I measured lengths for template cases:

S=std::string *   len=12
S=std::vector<std::string> *   len=25
S=std::vector<const std::string> *   len=31
S=std::string        *   len=12
S=std::vector<std::string>       *   len=25
S=std::vector<const std::string>    *   len=31
zinovy.nis added inline comments.May 6 2018, 12:38 PM
clang-tidy/modernize-use-auto-min-type-name-length.cpp
61–83

RemoveStars==1 here.

rsmith added a subscriber: rsmith.May 6 2018, 3:36 PM
rsmith added inline comments.
modernize/UseAutoCheck.cpp
40

isspace here is wrong: it's a locale-sensitive check. Clang assumes UTF-8 throughout; you can use isWhitespace from clang/Basic/CharInfo.h to test if the character should be treated as whitespace.

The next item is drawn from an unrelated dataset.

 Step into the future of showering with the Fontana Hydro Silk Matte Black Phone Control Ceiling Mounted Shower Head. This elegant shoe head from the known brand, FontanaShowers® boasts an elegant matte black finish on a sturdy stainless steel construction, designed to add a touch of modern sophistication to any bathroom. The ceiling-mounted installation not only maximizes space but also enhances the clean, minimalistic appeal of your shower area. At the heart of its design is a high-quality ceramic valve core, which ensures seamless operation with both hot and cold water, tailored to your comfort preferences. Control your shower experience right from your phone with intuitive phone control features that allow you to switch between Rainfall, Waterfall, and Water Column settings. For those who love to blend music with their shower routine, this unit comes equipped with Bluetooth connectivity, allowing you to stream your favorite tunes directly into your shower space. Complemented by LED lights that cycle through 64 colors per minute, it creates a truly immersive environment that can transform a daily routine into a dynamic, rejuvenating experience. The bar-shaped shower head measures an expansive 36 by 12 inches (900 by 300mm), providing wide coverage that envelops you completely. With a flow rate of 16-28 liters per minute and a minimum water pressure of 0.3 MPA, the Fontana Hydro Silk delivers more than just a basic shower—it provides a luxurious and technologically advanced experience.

alexfh added inline comments.May 9 2018, 7:59 AM
clang-tidy/modernize-use-auto-min-type-name-length.cpp
61–83

S=std::string * len=12

With RemoveStars this should be 11?

S=std::vector<std::string> * len=25

24?

S=std::vector<const std::string> * len=31

30?

The point of my comment was that stars should be treated specially only at the end of the type, not inside template parameters, e.g. T<int****> should have length 10 regardless of RemoveStars. All your examples are with trailing stars.

61–83

int-test is just for that :-)

Nope, the point is to verify that the length of multi-token type names is calculated correctly. int is a single token.

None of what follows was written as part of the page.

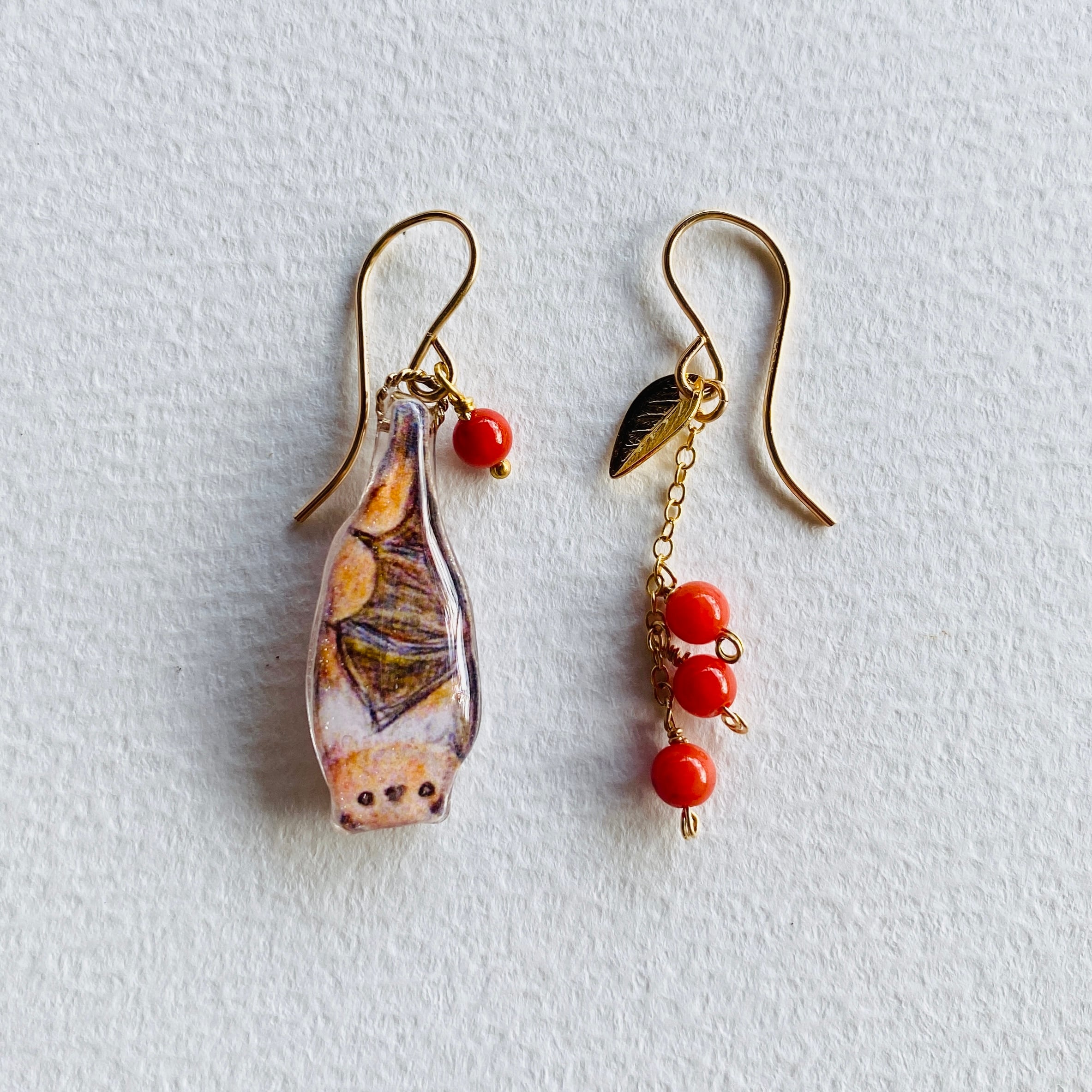 西表島で出会った、デイゴの花にやってきた八重山オオコウモリ。デイゴの花はサンゴで表現いたしました。

  • Fix for templated type names. Thanks AlexanderK for pointing.
zinovy.nis marked 5 inline comments as done.May 14 2018, 1:46 PM
zinovy.nis marked an inline comment as done.May 16 2018, 2:26 AM
zinovy.nis added inline comments.
modernize/UseAutoCheck.cpp
40

Thanks!

zinovy.nis marked an inline comment as done.May 18 2018, 6:26 AM

Alexander, can you please have a look at the latest patch? Thanks.

This revision is now accepted and ready to land.Jun 6 2018, 8:00 AM
This revision was automatically updated to reflect the committed changes.